Directed by: Michael Sarnoski
Starring: Nicolas Cage, Alex Wolff, Adam Arkin
If you have a strict rule about not watching movies with ugly titles, skip that rule now. Go and watch this movie with an ugly title.
But, before watching, make sure that you are ready to decode a great deal of symbolism and be careful to understand that not everything being served at the table is just the food and only the food.
Sublimation is the essence of the movie, as usual, it comes in just one single sentence. That’s when former chef Rob (Nicolas Cage), who has run away from the whole material world and reality, tells his former apprentice: “We don’t get a lot of things to care about in our lives”. And that’s the whole truth, we really don’t and so when we have something, then we should really need to take care of it. It could be the one and only chance to care of it in your lifetime.
The movie’s story can be absurd if you see it from a certain perspective but it can also seem very everyday, very ordinary, very pedestrian, if you turn things upside down.
Celebrity chef Rob has hit a wall in his life. He could not stand the urban Portland anymore after a downturn in his personal life. He is living as a recluse on the outskirts of the city. He’s main preoccupation is discovering and collecting rare mushrooms for local high-end restaurants. The titular pig is the animal “helping him” to track down hidden spots in the woods where mushrooms can be collected.

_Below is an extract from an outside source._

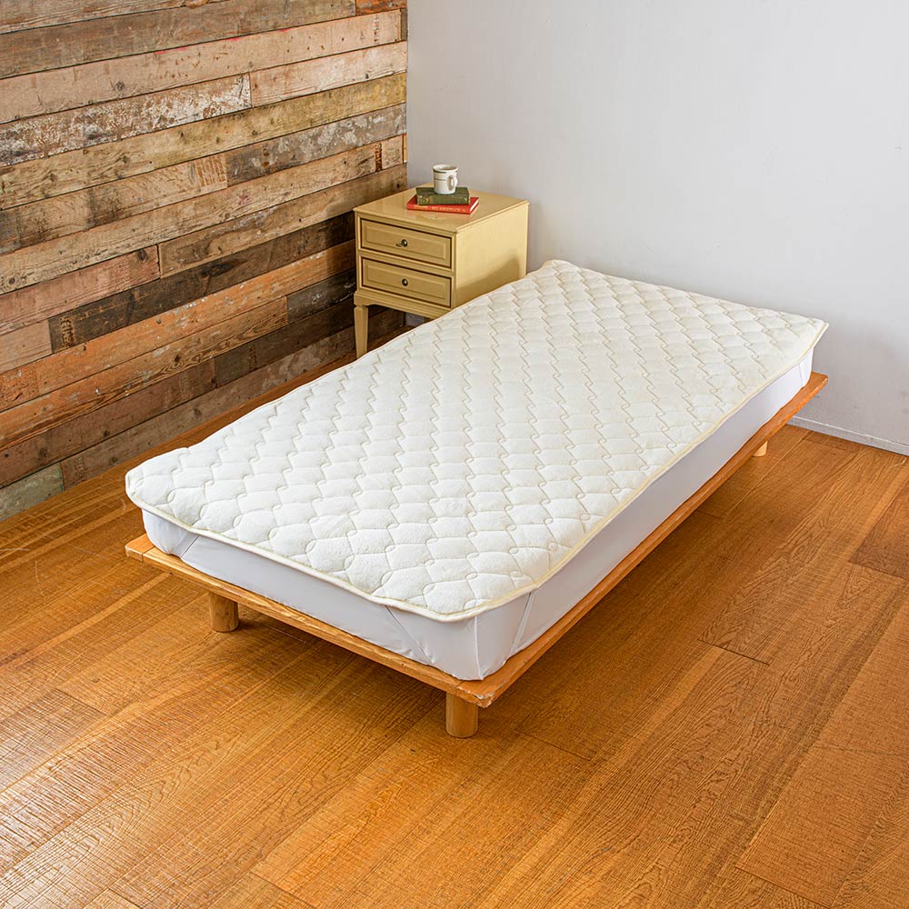 ケット上側と敷きパッド下側に断熱効果のある遮熱アルミ生地を使用し、厳しい冷え込みや床からの冷気をブロック。やわらかなアルミシートを採用することで肌沿いも◎。

One night, strangers attack Rob’s shelter in the woods and take his animal. He’s heading back to the city to look for his pig. He gets in lots of trouble doing that but giving up is not an option for him. He keeps going. The tragic outcome is finding out that his beloved animal was taken from him by the father of one of his best mushroom clients and current sidekick on this journey (played by Alex Wolff). The eccentric father (Adam Arkin) could not see his son being involved with the restaurant business against his will and outside his business circles. The father is apparently a kind of local mogul in the food and restaurant business. That’s why he decides to harm his son’s main mushroom supplier by taking and later killing the animal which was Rob’s companion in the wild.

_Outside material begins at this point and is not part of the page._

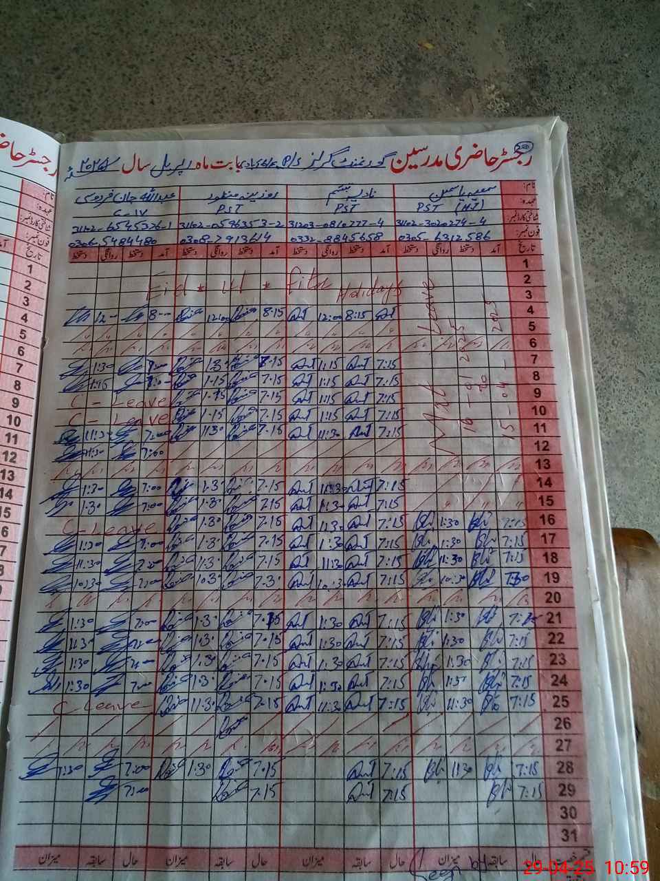 | CNIC | Full Name | Designation | R/C | Absence During Last Calender Month |

The movie is aiming straight at the target. Taking care of something in a lifetime does not happen to everybody. And if you are lucky enough to take this once in a lifetime chance, don’t miss it, fight for it to the end.
Wildman Rob was finding mushrooms using the woods themselves, the pig was never the one who was tracking the mushrooms but it was here, was always here in the role of silent follower. That means so much, that gave life to the dead end.
This movie is very well crafted from a directorial point. It is slow and full of atmosphere. The silence is used as narration without words. Everything is so quiet.
Nicolas Cage in the main role is performing something which he has not done for quite some time. This is the kind of acting so unfamiliar for him in the last several years.
Go and watch this movie, and don’t forget to read between the lines while you recognize the point of the story’s symbols.